Negative sentiments are still common on the Nigerian stock exchange, reflected in how the shares are being poured into high volume sales week after week.
The excess market has put most stocks in relentless losses for days in a row, causing a cumulative negative return for the year of 17.30% for stock investors so far this year.
And the outlook is by no means favorable, with the argument that the broad implications of COVID-19 may not only further contract the economy, but also sustain this ugly trend throughout 2020.
All main market performance indicators closed down this week. A negative market amplitude was recorded, with 35 losers emerging against 27 winners. The All Share index (ASI) and market capitalization decreased simultaneously by 2.35%, with the first dropping to 22,198.43 basis points and the second with N11.568 trillion.
Trading Volume of 2.804 billion shares estimated at N32.559 billion was recorded in 31.715 trades this week, compared to 3.964 billion shares worth N43.703 billion registered in 26.054 trades last week.
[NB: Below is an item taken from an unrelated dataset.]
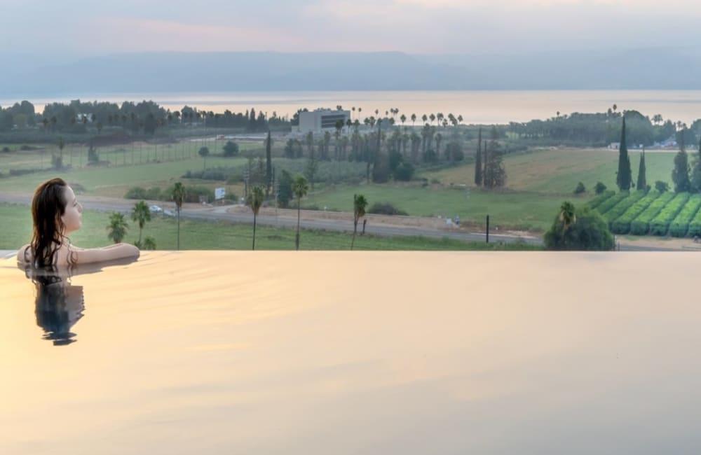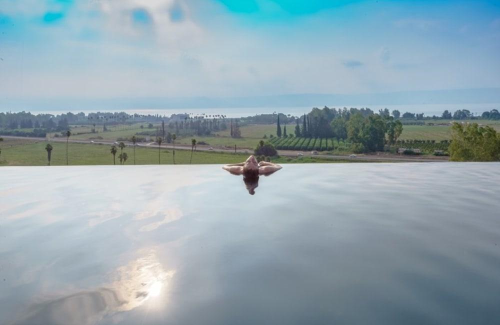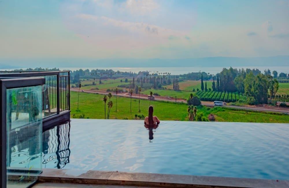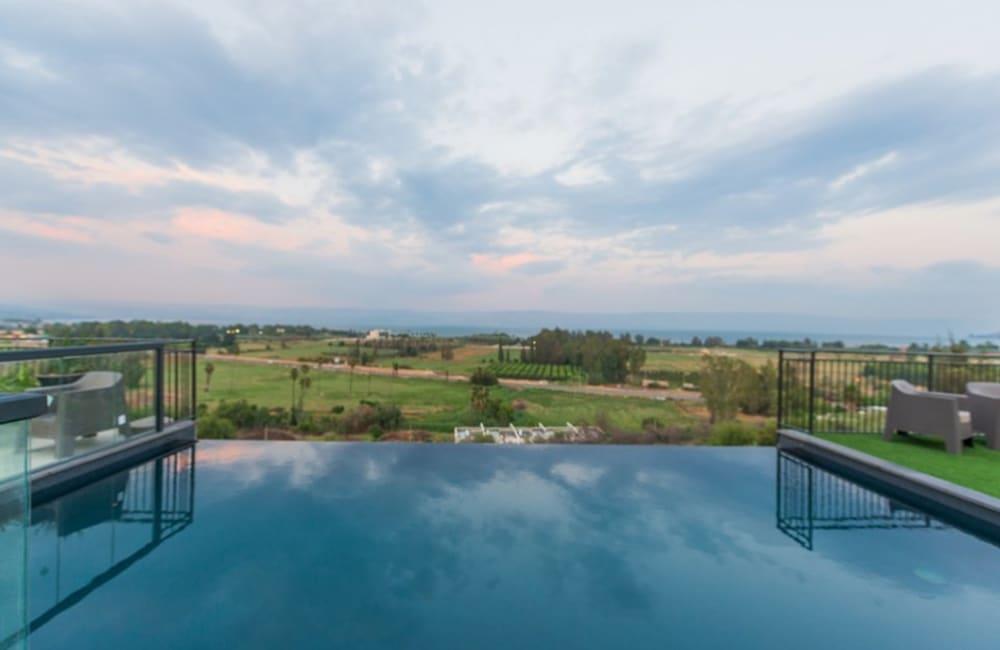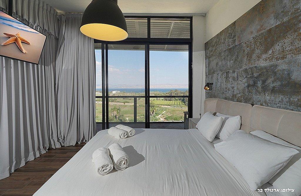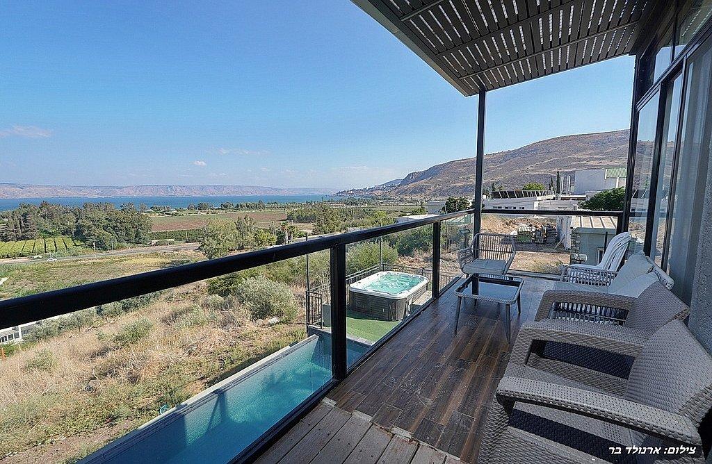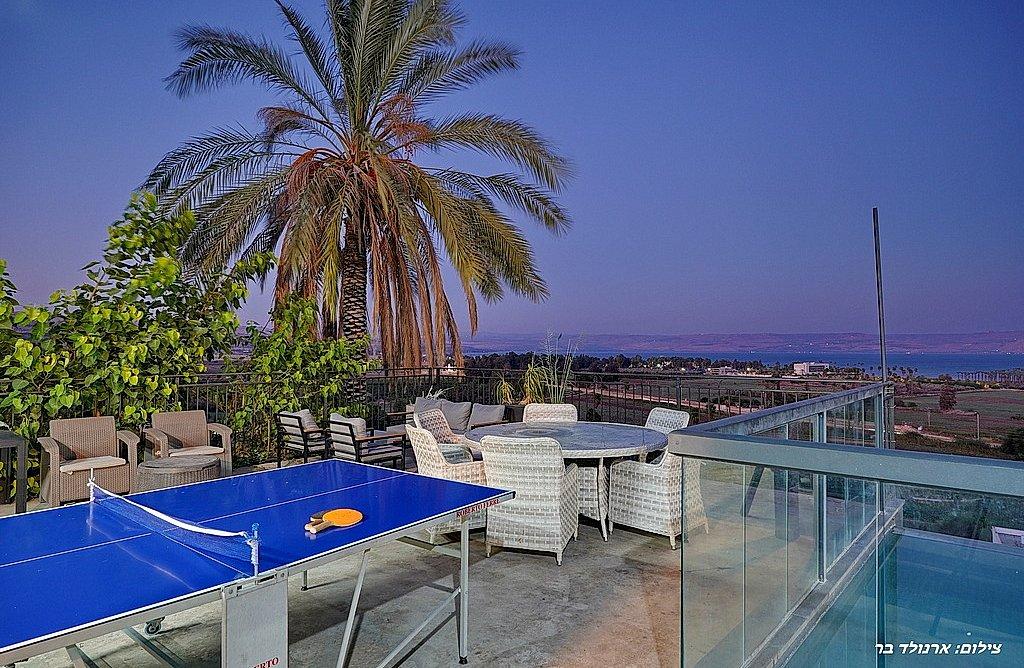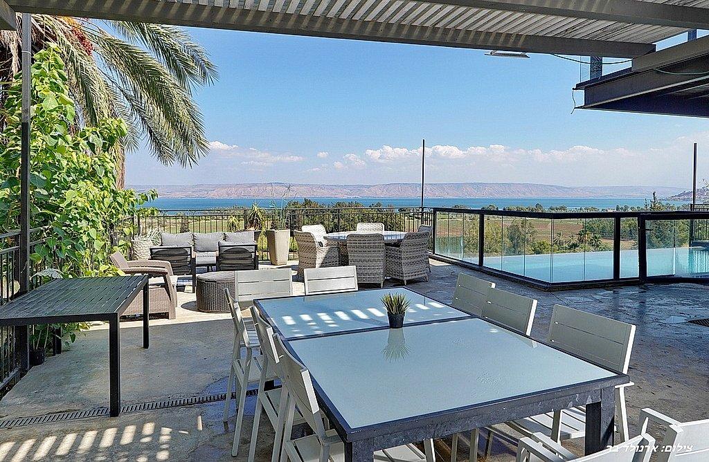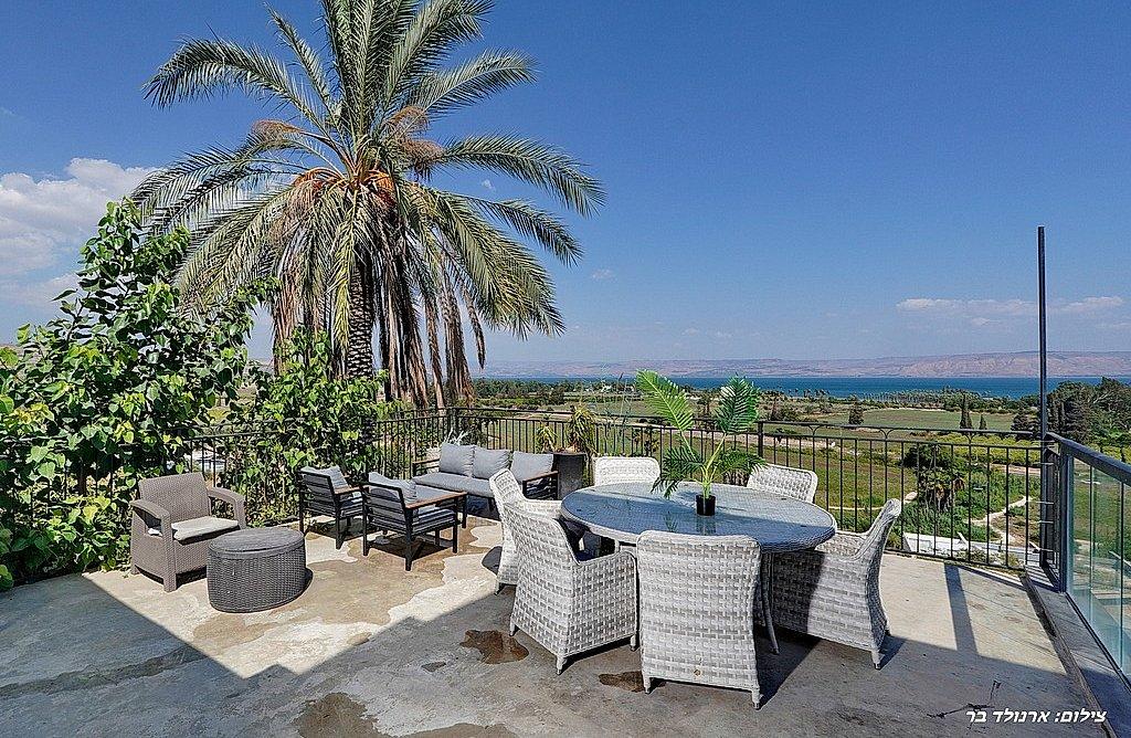 מתחם חיצוני משגע עם נוף פנורמי לימת הכנרת.

At the Activity, the financial services sector dominated trade, with 2.50 billion shares estimated at N25.292 billion, traded in 23.243 trades. Specifically, it contributed 89.44% and 77.68% to the total equity value and volume, respectively. The conglomerate industry followed, trading 60.873 million shares worth N105.948 million in 767 trades. The Services sector followed, trading 51,296 million shares at a price of N117,545 million in 350 trades.
As for Index Movement, all depreciated indices, except the NSE Banking, NSE Insurance and NSE Oil and Gas, which rose 0.29%, 2.80% and 0.22% in that order. The NSE ASeM Index has not moved.